To enable prefix indexing, use the BASIC_WORDLIST preference type. The following new attributes have been added:
index_prefix
Specify YES to enable prefix indexing. Prefix indexing improves performance for right truncated wildcard searches such as TO%. Defaults to NO.
prefix_length_min
Specify the minimum length of indexed prefixes. Defaults to 1.
prefix_length_max
Specify the maximum length of indexed prefixes. Defaults to 64.
Specify yes to enable prefix indexing. Prefix indexing improves performance for right truncated wildcard searches such as TO%. Defaults to NO.
Enabling prefix indexing increases index size.
Prefix indexing chops up tokens into multiple prefixes to store in the $I table.For example, words TOKEN and TOY are normally indexed like this in the $I table:
TOKEN
0
DOCID 1 POS 1
TOY
0
DOCID 1 POS 3
With prefix indexing, Oracle indexes the prefix substrings of these tokens as follows with a new token type of 6:
TOKEN
0
DOCID 1 POS 1
TOY
0
DOCID 1 POS 3
T
6
DOCID 1 POS 1 POS 3
TO
6
DOCID 1 POS 1 POS 3
TOK
6
DOCID 1 POS 1
TOKE
6
DOCID 1 POS 1
TOKEN
6
DOCID 1 POS 1
TOY
6
DOCID 1 POS 3
Wildcard searches such as TO% are now faster because Oracle does no expansion of terms and merging of result sets. To obtain the result, Oracle need only examine the (TO,6) row.
Specify the minimum length of indexed prefixes. Defaults to 1.
For example, setting prefix_length_min to 3 and prefix_length_max to 5 indexes all prefixes between 3 and 5 characters long.
A wildcard search whose pattern is below the minimum length or above the maximum length is searched using the slower method of equivalence expansion and merging.
Specify the maximum length of indexed prefixes. Defaults to 64.
For example, setting prefix_length_min to 3 and prefix_length_max to 5 indexes all prefixes between 3 and 5 characters long.
A wildcard search whose pattern is below the minimum length or above the maximum length is searched using the slower method of equivalence expansion and merging.
The following example sets the wordlist preference for prefix indexing. The example specifies that Oracle create token prefixes between 3 and 4 characters long:
begin
ctx_ddl.create_preference('mywordlist', 'BASIC_WORDLIST');
ctx_ddl.set_attribute('mywordlist','INDEX_PREFIX','YES');
ctx_ddl.set_attribute('mywordlist','PREFIX_MIN_LENGTH',3);
ctx_ddl.set_attribute('mywordlist','PREFIX_MAX_LENGTH', 4);
end
Use the fuzzy operator to expand queries to include words that are spelled similarly to the specified term. This type of expansion is helpful for finding more accurate results when there are frequent misspellings in your document set.
The new fuzzy syntax enables you to rank the result set so that documents that contain words with high similarity to the query word are scored higher than documents with lower similarity. You can also limit the number of expanded terms.
Unlike stem expansion, the number of words generated by a fuzzy expansion depends on what is in the index.
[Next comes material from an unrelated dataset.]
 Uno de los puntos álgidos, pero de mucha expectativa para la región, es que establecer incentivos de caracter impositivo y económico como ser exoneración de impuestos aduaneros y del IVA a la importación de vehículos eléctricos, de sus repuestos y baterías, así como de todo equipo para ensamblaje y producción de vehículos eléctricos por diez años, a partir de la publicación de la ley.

Results can vary significantly according to the contents of the index.
Oracle8i interMedia Text supports fuzzy definitions for English, German, Italian, Dutch, Spanish, and OCR.
If the fuzzy expansion returns a stopword, the stopword is not included in the query or highlighted by CTX_DOC.HIGHLIGHT or CTX_DOC.MARKUP.
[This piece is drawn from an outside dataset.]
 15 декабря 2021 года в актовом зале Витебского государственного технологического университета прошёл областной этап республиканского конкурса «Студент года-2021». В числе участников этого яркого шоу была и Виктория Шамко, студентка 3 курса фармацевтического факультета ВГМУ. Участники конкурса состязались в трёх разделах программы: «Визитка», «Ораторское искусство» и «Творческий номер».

If base-letter conversion is enabled for a text column and the query expression contains a fuzzy operator, Oracle operates on the base-letter form of the query.
fuzzy(term, score, numresults, weight)
term
Specify the word on which to perform the fuzzy expansion. Oracle expands term to include words only in the index.
score
Specify a similarity score. Terms in the expansion that score below this number are discarded. Use a number between 1 and 80. The default is 60.
numresults
Specify the maximum number of terms to use in the expansion of term. Use a number between 1 and 5000. The default is 100.
weight
Specify WEIGHT or W for the results to be weighted according to their similarity scores.
Specify NOWEIGHT or N for no weighting of results.
Consider the CONTAINS query:
...CONTAINS(TEXT, 'fuzzy(government, 70, 6, weight)', 1) > 0;
This query expands to the first six fuzzy variations of government in the index that have a similarity score over 70.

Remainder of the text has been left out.